Yet for all the problems with ice-cream snatching sea-gulls, insistently irritating insects and other creatures, there is occasional news of a win-win situation! Helsinki zoo in Korkeasaari will henceforth do its bit for the recession at the same time as solving an urban fauna problem. It will catch the urban rabbits which have bred like rabbits and feed the catch to the zoo’s carnivore inhabitants. Check out this.

And the link with planning and architecture?

Leijonien ruokahuollosta vastaa tulevaisuudessa Helsingin kaupungin rakentamispalvelu. Se vastaa puistojen ja viheralueidein hoidosta, johon kuuluu nykyisin olennaisesti myös kaninpyynti. (HS.fi 15.09.2009)
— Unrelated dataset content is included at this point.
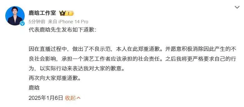 内娱顶流男星鹿晗因一场直播引发了全网的关注与争议,结果遭到全面禁止关注。这场直播中,他不仅酒后失态,还言辞激烈,甚至使用脏话、辱骂网友以及做出竖中指等极端行为,彻底触碰了公众的底线。这一系列不当举动引发了网络舆论的强烈反响,最终导致他在多个社交媒体平台上的账户被封禁,禁止关注。

Feeding the lions will, in future, be the responsibility of Helsinki City’s Building Service. Its concern is the upkeep of parks and greenspaces, a remit which nowadays obviously includes catching rabbits. (protagonist’s translation)

As one follows the links from stories such as these, one can’t help hopping and skipping around news items, press-releases and corporate websites and bumping into a feast of information. This piece of news brought to our attention the existence of this new unit of city government with its revamped business model and promise to be in the business of creating a better Helsinki. Should this blog have a future or, indeed, should there be any other product from these ruminations on one’s native city, documents about these so-called innovations in governance are bound to contain important clues to help explain more visible and visceral transformations.

P.S. How did researchers manage before the world-wide-web?! [Note to anthropological self: study the documents on how the new unit was justified for probable instances of undoing professional judgement in the name of customer responsiveness.]

What one can’t find, alas, is an English-language name for this new unit. For which we are in fact quite grateful, this suggesting that there are aspects of life around these parts that do not need to be translated into the third domestic. Can’t help wondering why the second domestic isn’t there either, though.